> [Directions for this task]:
Line by line, return the listing exactly, without any of the images.

> [Supplied material]:

*** Block opens ***

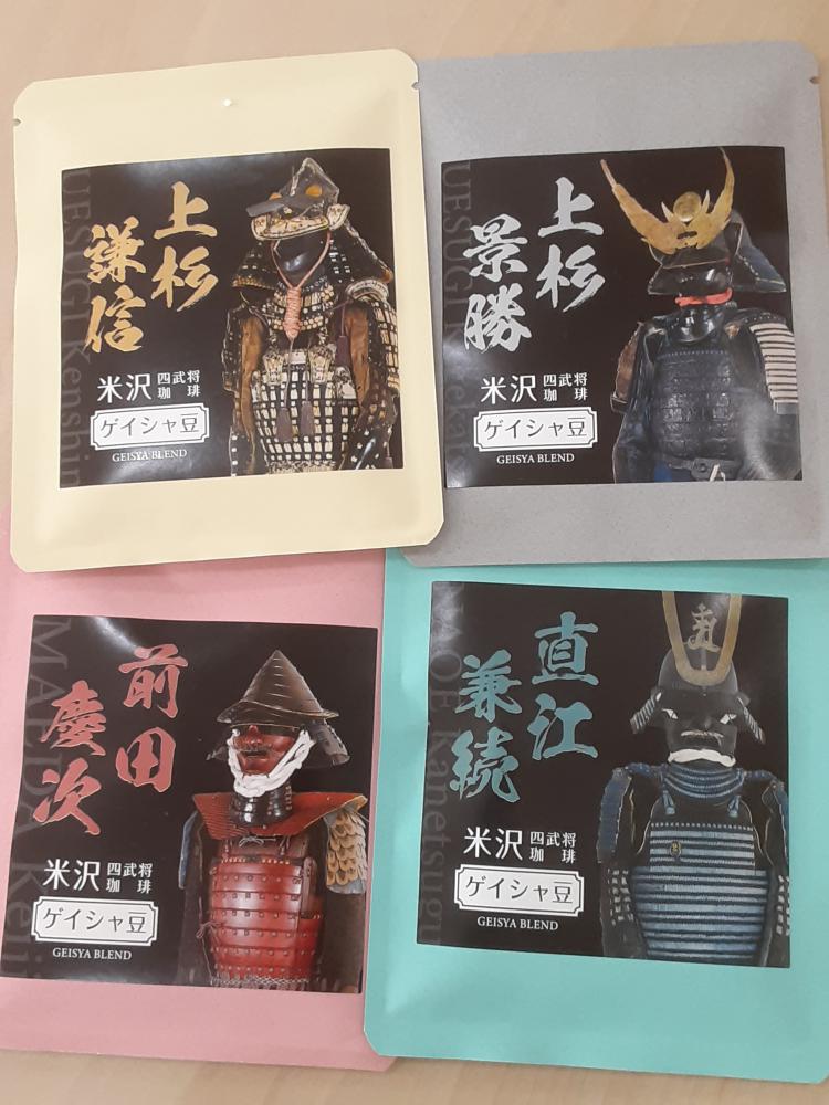 こちらは 一杯分の レギュラーコーヒーです。上杉謙信、上杉景勝、直江兼続、前田慶次の パッケージです。 米沢の お土産にも おすすめです。
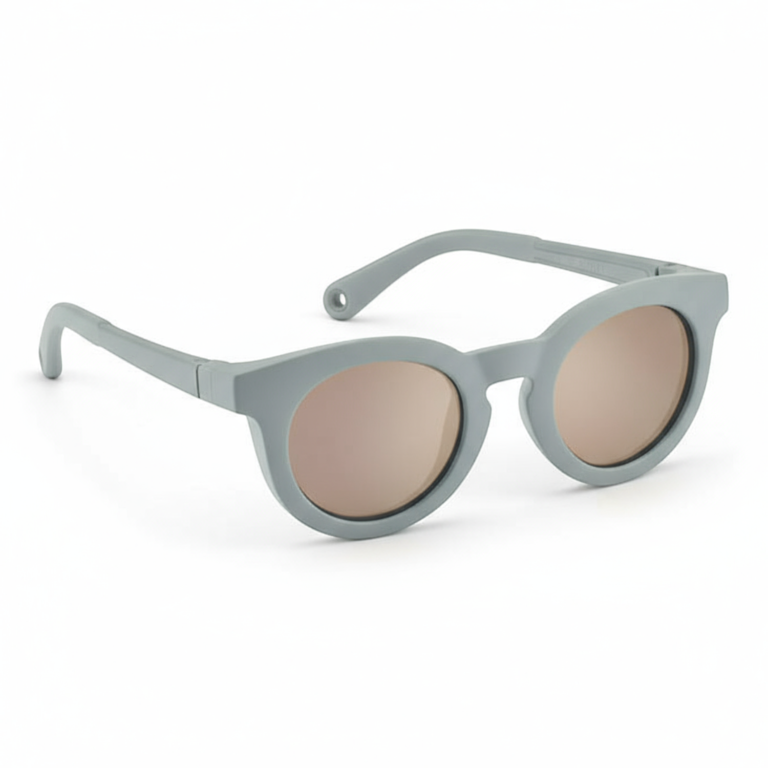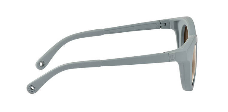 Antypoślizgowe, zakrzywione ramiona nie uciskają głowy dziecka, są dobrze dopasowane i pozostają na miejscu, także podczas typowych dziecięcych aktywności. Profilowanie strefy nosa nawiązuje do stylu vintage, jest uniwersalne i wyjątkowo stabilne, a ponadto wraz ze strefą skroni wykonane zostało w technologii Fit z elastycznego, trwałego tworzywa, które dopasowuje się do kształtu twarzy. Szczególny, obły kształt rozbudowanych oprawek zabezpiecza oczy malucha przed promieniami słonecznymi wpadającymi również z boku. Specjalne, nietłukące się „szkiełka” w kolorze ciemnobrązowym to soczewki kategorii 3, która gwarantuje maksymalną, 100% ochronę przed promieniami UV. Nadają się do ekspozycji na słońce również na plaży czy w górach. Okulary posiadają regulowane zauszniki 360° oraz elastyczną opaskę, którą można w razie potrzeby zamocować na klik (dzięki silikonowym zaczepom) dla optymalnego komfortu.
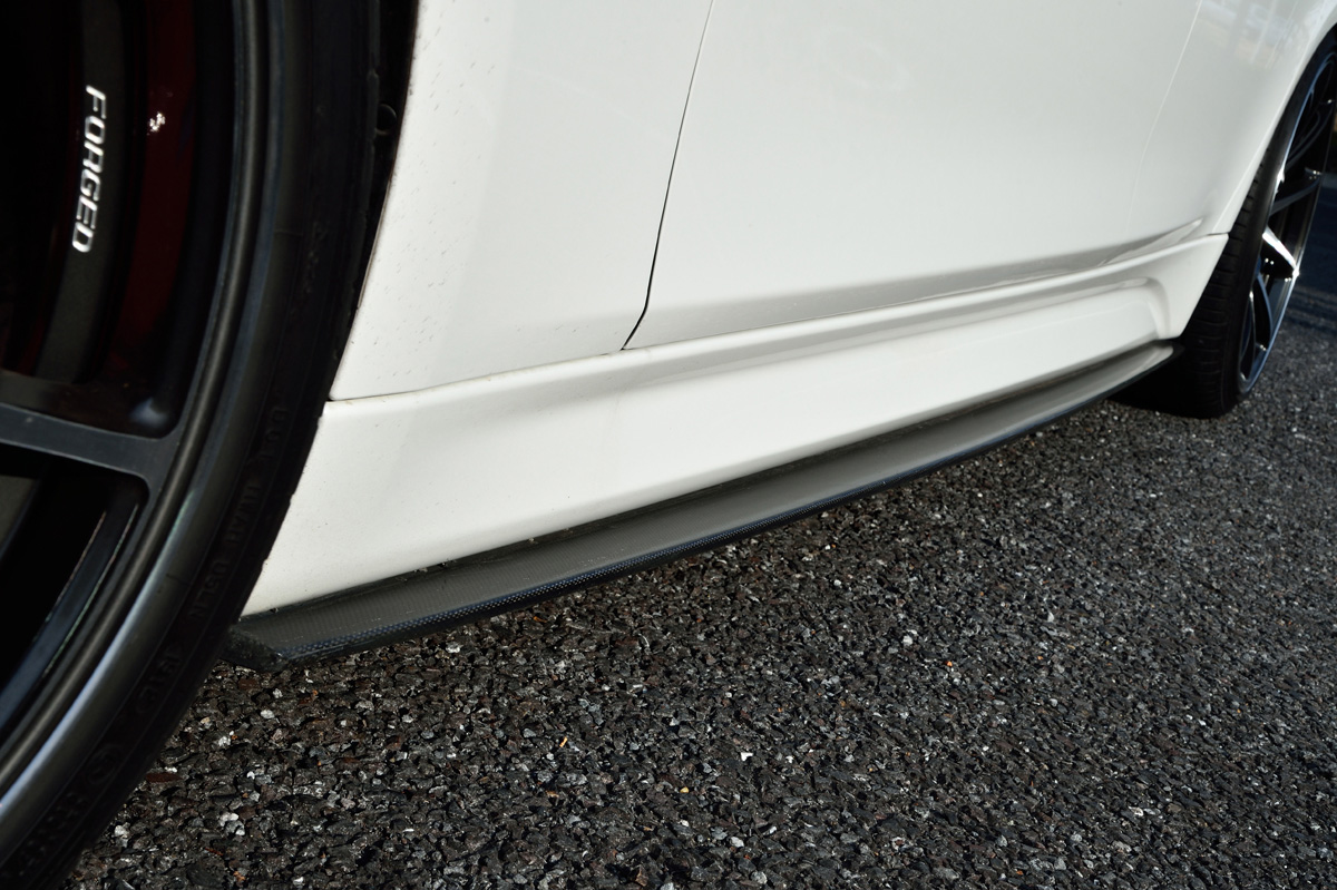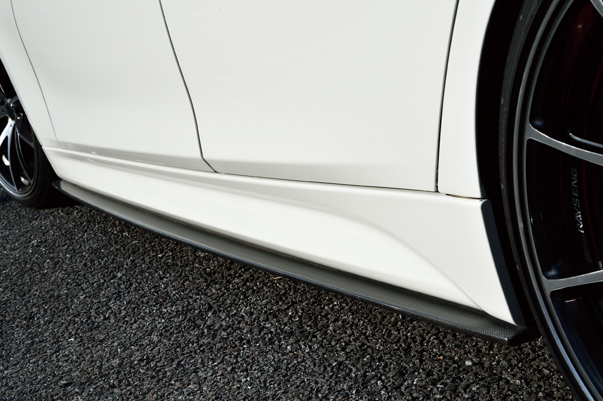 フロントリップスポイラーからの繋がりをコーディネート。腰高な印象になりがちなサイド部を落ち着かせると共に、整流効果を高めます。

*** Block closes ***

> [Output of the task]:
 こちらは 一杯分の レギュラーコーヒーです。上杉謙信、上杉景勝、直江兼続、前田慶次の パッケージです。 米沢の お土産にも おすすめです。
 Antypoślizgowe, zakrzywione ramiona nie uciskają głowy dziecka, są dobrze dopasowane i pozostają na miejscu, także podczas typowych dziecięcych aktywności. Profilowanie strefy nosa nawiązuje do stylu vintage, jest uniwersalne i wyjątkowo stabilne, a ponadto wraz ze strefą skroni wykonane zostało w technologii Fit z elastycznego, trwałego tworzywa, które dopasowuje się do kształtu twarzy. Szczególny, obły kształt rozbudowanych oprawek zabezpiecza oczy malucha przed promieniami słonecznymi wpadającymi również z boku. Specjalne, nietłukące się „szkiełka” w kolorze ciemnobrązowym to soczewki kategorii 3, która gwarantuje maksymalną, 100% ochronę przed promieniami UV. Nadają się do ekspozycji na słońce również na plaży czy w górach. Okulary posiadają regulowane zauszniki 360° oraz elastyczną opaskę, którą można w razie potrzeby zamocować na klik (dzięki silikonowym zaczepom) dla optymalnego komfortu.
 フロントリップスポイラーからの繋がりをコーディネート。腰高な印象になりがちなサイド部を落ち着かせると共に、整流効果を高めます。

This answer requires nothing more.